His maternal grandfather, Nicolás Márquez Mejía, a retired army colonel, was also an influence — “the most important figure of my life,” Mr. García Márquez said. The grandfather bore a marked resemblance to Colonel Buendía, the protagonist of “One Hundred Years of Solitude,” and the book’s mythical village of Macondo draws heavily on Aracataca.
In his 2002 memoir, “Living to Tell the Tale,” Mr. García Márquez recalled a river trip back to Aracataca in 1950, his first trip there since childhood.
“The first thing that struck me,” he wrote, “was the silence. A material silence I could have identified blindfolded among all the silences in the world. The reverberation of the heat was so intense that you seemed to be looking at everything through undulating glass. As far as the eye could see there was no recollection of human life, nothing that was not covered by a faint sprinkling of burning dust.”
Much of his fiction unfolds in or near Macondo, just as William Faulkner, whom he admired, invented Yoknapatawpha County as the Mississippi setting for some of his own novels…
He read intensely — the Americans Hemingway, Faulkner, Twain and Melville; the Europeans Dickens, Tolstoy, Proust, Kafka and Virginia Woolf.
“I cannot imagine how anyone could even think of writing a novel without having at least a vague of idea of the 10,000 years of literature that have gone before,” Mr. García Márquez said. But, he added, “I’ve never tried to imitate authors I’ve admired. On the contrary, I’ve done all I could not to imitate them.”…

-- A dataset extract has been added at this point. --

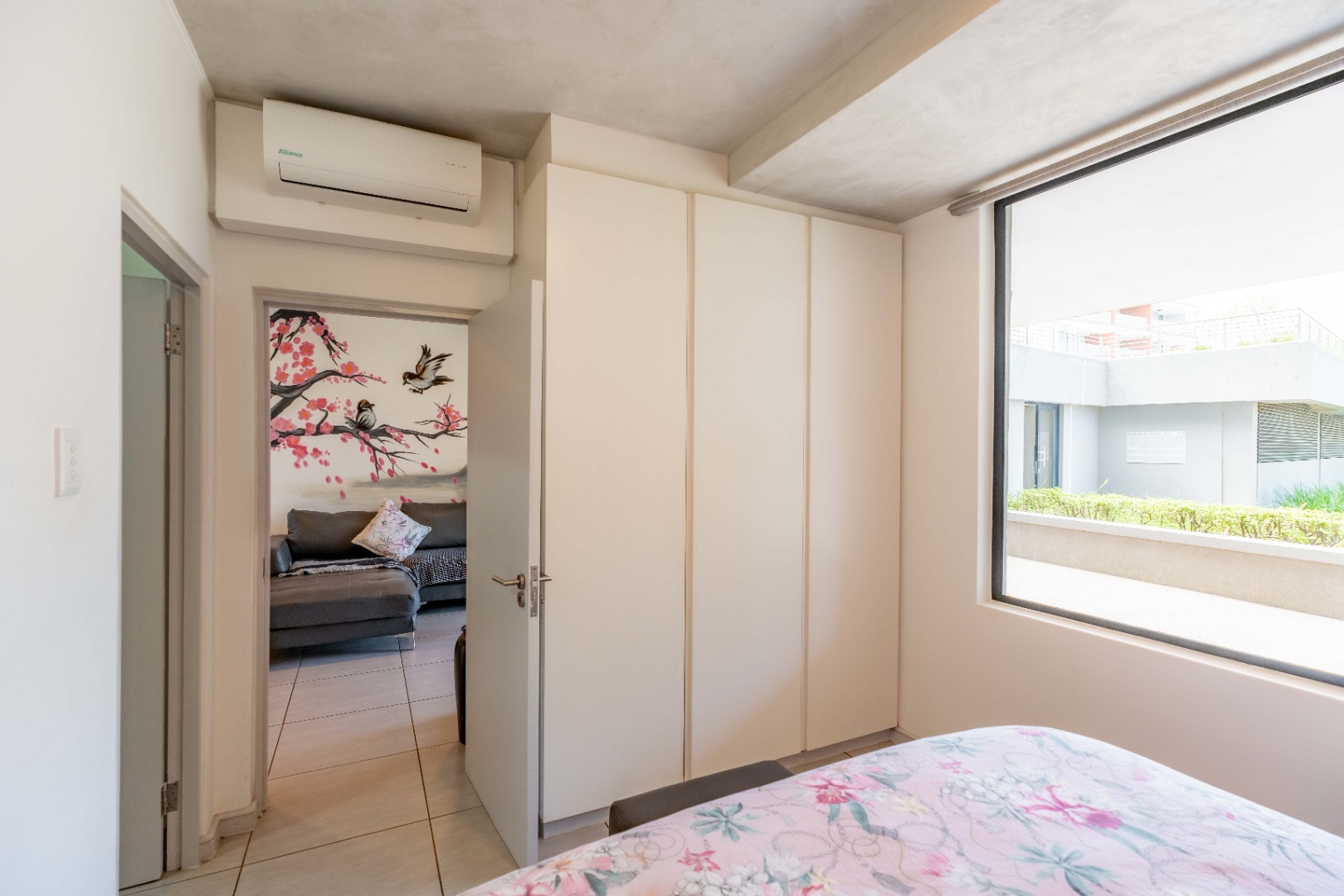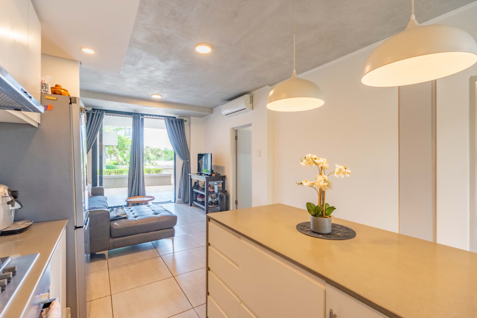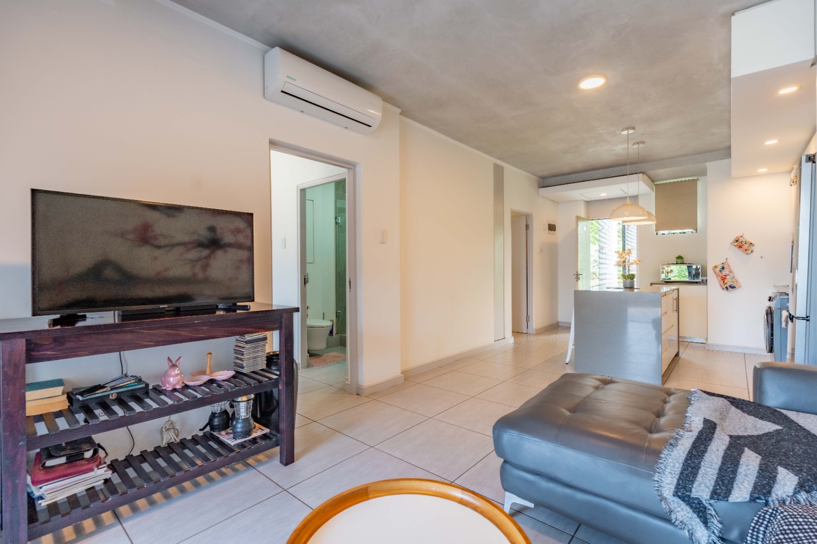 Open-plan living area flows seamlessly from the lounge to the spacious private patio. Kitchen has a centre island, gas stove and plumbing for washing machine and dishwasher. The lounge has a lovely feature wall with a beautiful painting.

Dozens of television and film adaptations were made of Mr. García Márquez’s works, but none achieved the critical or commercial success of his writing, and he declined requests for the movie rights to “One Hundred Years of Solitude.” The novel’s readers, he once said, “always imagine the characters as they want, as their aunt or their grandfather, and the moment you bring that to the screen, the reader’s margin for creativity disappears.”
I had to chuckle at the whack-a-mole that pops up in the NYT’s discussion of Márquez’s leftism:
He contributed his prestige, time and money to left-wing causes. He helped finance a Venezuelan political party. He was a strong defender of the Sandinistas, the leftist revolutionaries who took power in Nicaragua.

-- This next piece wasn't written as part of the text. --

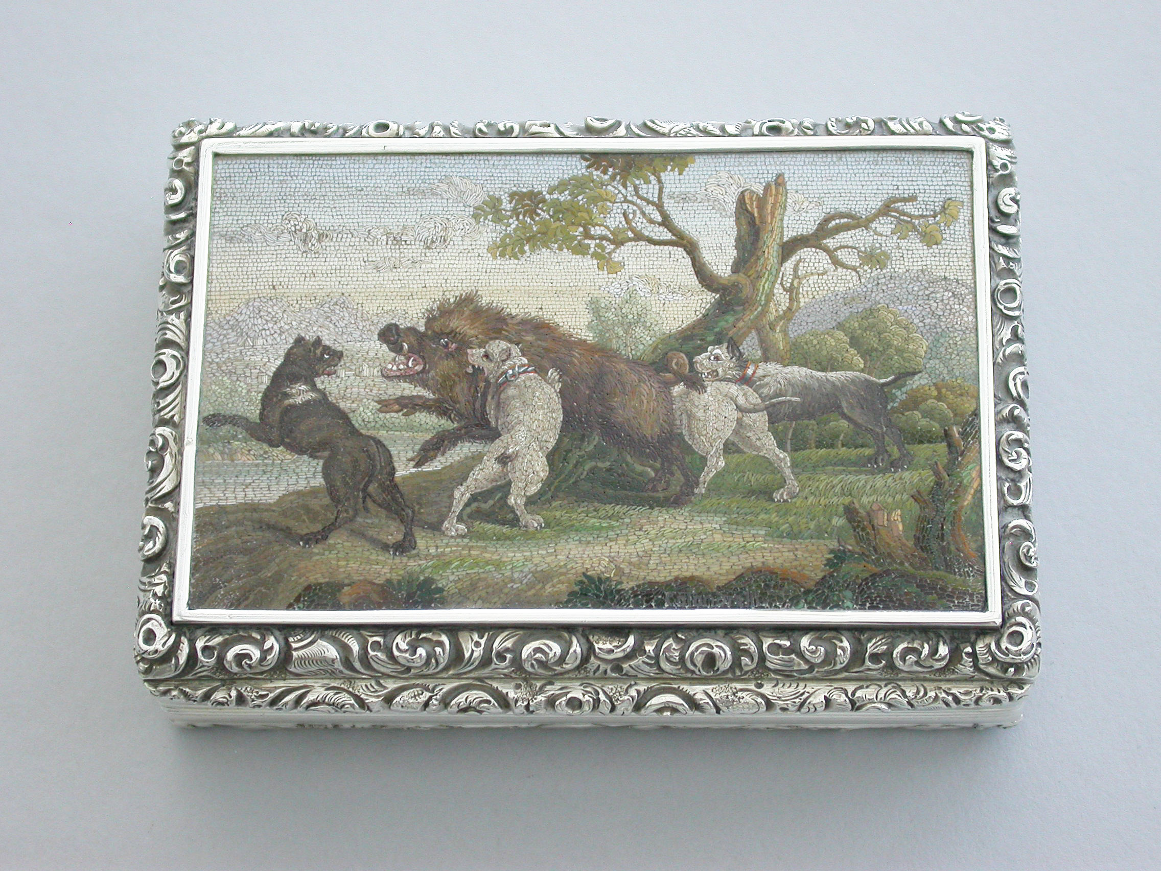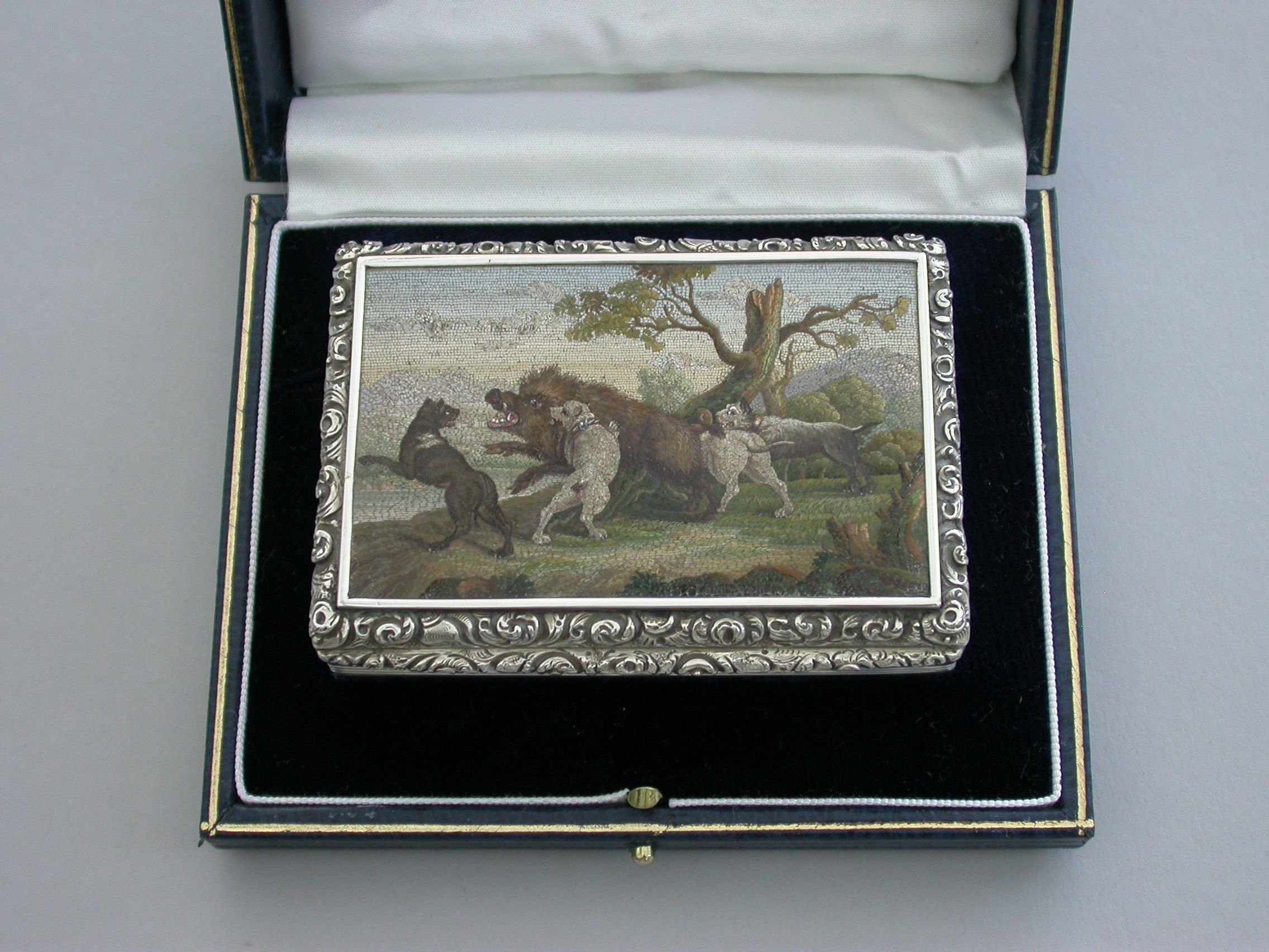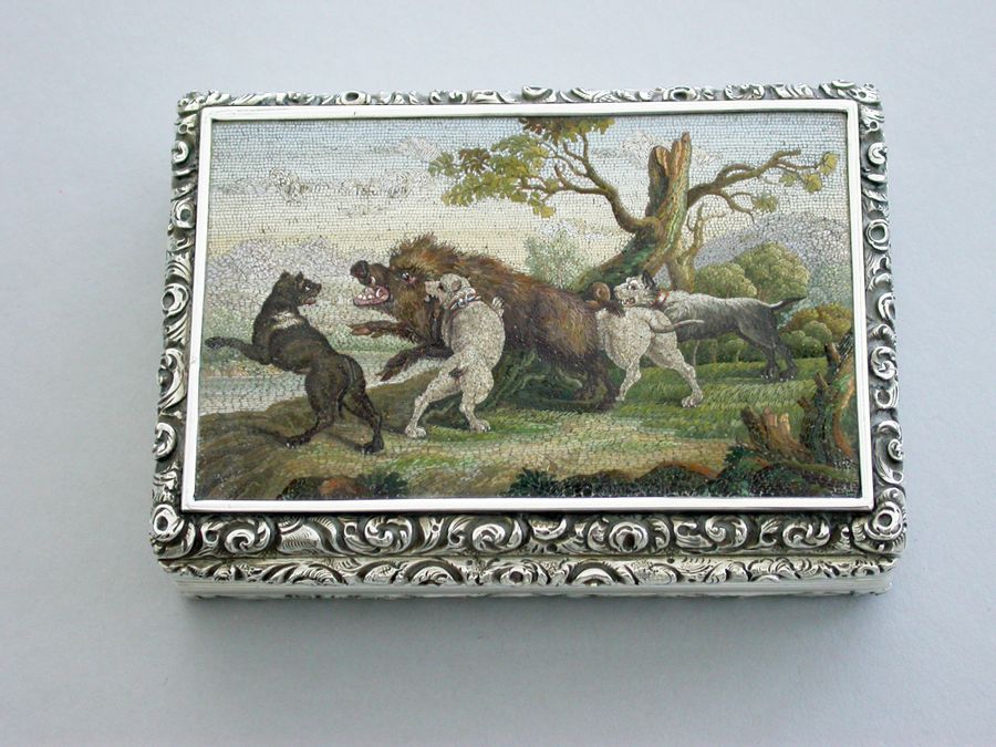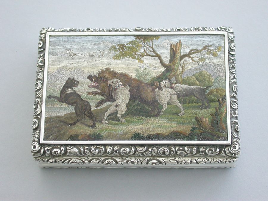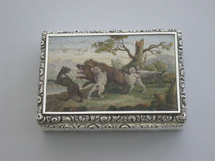 William IV Silver Snuff Box Set With Signed Micromosaic Boar Hunt Panel

For more than three decades the State Department denied Mr. García Márquez a visa to travel in the United States, supposedly because he had been a member of the Colombian Communist Party in the 1950s but almost certainly because of his continuing espousal of left-wing causes and his friendship with Mr. Castro. The ban was rescinded in 1995 after President Bill Clinton invited him to Martha’s Vineyard.
Mr. García Márquez’s ties to Mr. Castro troubled some intellectuals and human rights advocates. Susan Sontag wrote in the 1980s, “To me it’s scandalous that a writer of such enormous talent be a spokesperson for a government which has put more people in jail (proportionately to its population) than any other government in the world.”
Although the NYT obit doesn’t mention it, there was the famous 31-year feud between the leftist Márquez and the right-leaning Mario Vargas Llosa, which in its earliest stages led to Márquez getting a black eye.